Understanding GRU/LSTM layers parameter

Hi,

I think I understand but I wanted to check how the layers parameter works in LSTM and GRU. Am I correct in thinking that the layers parameter is effectively a short-hand repetition i.e.

for a univariate time series, and GRUs with a hidden state size 10

self.gru = nn.GRU(input_size=1,hidden_size=10,num_layers=2)

Is equivalent to:

self.gru1 = nn.GRU(input_size=1,hidden_size=10)
self.gru2 = nn.GRU(input_size=10,hidden_size=10)

I think that is what the documentation is saying.

Thanks,

Tim

For clarity the hidden size of 10 was picked at random, I think LSTM is similar but I only wrote up GRU as the example.

I’ll even take a yes or no answer so I know I should keep looking :slight_smile:

If anyone comes looking at this - someone just asked a similar question and got an answer they are the same:

@timdnewman Run the following code on a jupyter to see what nn.GRU() does :
You’ll see that the prints have the same values.

import torch
import torch.nn as nn

gru = nn.GRU(input_size=1,hidden_size=1,num_layers=2, bias=False)
gru_0 = nn.GRU(input_size=1,hidden_size=1,num_layers=1, bias=False)
gru_1 = nn.GRU(input_size=1,hidden_size=1,num_layers=1, bias=False)

#save the parameters of the gru. 
params = list(gru.named_parameters())

# Assign the weights to the other grus.
gru_0.weight_ih_l0 = params[0][1]
gru_0.weight_hh_l0 = params[1][1]
gru_1.weight_ih_l0 = params[2][1]
gru_1.weight_hh_l0 = params[3][1]


input_tensor = torch.tensor([[3.]])
_, hs = gru(input_tensor)
print(hs)

out0, h0 = gru_0(input_tensor)
out1, h1 = gru_1(out0)
print(out0, out1)
1 Like

Thanks!
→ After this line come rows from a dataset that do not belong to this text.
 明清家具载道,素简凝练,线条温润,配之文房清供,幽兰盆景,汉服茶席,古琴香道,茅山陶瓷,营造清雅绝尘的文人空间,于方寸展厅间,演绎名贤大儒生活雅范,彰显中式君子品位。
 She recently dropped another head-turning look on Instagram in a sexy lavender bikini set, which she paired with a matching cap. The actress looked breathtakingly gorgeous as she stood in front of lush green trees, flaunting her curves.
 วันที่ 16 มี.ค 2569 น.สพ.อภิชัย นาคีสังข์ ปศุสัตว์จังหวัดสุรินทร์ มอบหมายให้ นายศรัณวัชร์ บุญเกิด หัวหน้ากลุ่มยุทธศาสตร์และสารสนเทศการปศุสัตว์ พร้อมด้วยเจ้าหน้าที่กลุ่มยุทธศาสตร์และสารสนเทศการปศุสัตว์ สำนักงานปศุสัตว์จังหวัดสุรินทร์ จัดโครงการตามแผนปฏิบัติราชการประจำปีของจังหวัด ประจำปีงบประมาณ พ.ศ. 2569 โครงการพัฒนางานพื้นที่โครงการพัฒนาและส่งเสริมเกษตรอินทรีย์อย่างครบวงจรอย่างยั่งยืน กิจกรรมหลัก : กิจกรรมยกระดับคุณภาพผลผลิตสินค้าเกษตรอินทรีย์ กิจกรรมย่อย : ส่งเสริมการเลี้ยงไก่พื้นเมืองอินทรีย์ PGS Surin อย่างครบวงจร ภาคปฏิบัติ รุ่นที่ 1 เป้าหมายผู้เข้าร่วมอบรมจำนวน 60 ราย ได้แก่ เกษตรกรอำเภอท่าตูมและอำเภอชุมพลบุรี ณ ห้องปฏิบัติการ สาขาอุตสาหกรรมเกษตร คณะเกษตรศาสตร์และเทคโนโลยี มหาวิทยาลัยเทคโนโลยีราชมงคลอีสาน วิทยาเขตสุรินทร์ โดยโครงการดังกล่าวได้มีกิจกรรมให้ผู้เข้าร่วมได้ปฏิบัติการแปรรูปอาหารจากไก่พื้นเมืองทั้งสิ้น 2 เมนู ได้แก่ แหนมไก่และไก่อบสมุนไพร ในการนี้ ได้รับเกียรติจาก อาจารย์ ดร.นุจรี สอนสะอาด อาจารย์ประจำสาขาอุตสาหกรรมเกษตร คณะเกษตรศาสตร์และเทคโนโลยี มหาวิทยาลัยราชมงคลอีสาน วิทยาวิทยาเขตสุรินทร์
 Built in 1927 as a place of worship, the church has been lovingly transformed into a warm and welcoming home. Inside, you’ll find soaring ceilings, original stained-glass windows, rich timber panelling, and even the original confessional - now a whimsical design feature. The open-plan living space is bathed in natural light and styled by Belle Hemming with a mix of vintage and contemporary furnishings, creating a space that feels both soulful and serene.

Although you’re about 3 hours too late :slight_smile:

I have marked you as the solution as that is definitive.

Do you know how to recommend an edit to the documentation? Something like this would clarify it a lot, or at least I think so.

@timdnewman. Thanks, a GRU check was in order for me. Regarding the docs, I have no idea, but if you find out do let me know haha.

Here is the method - but it is a sufficiently long-winded proces that I’ll probably just people search for this :grin:

1 Like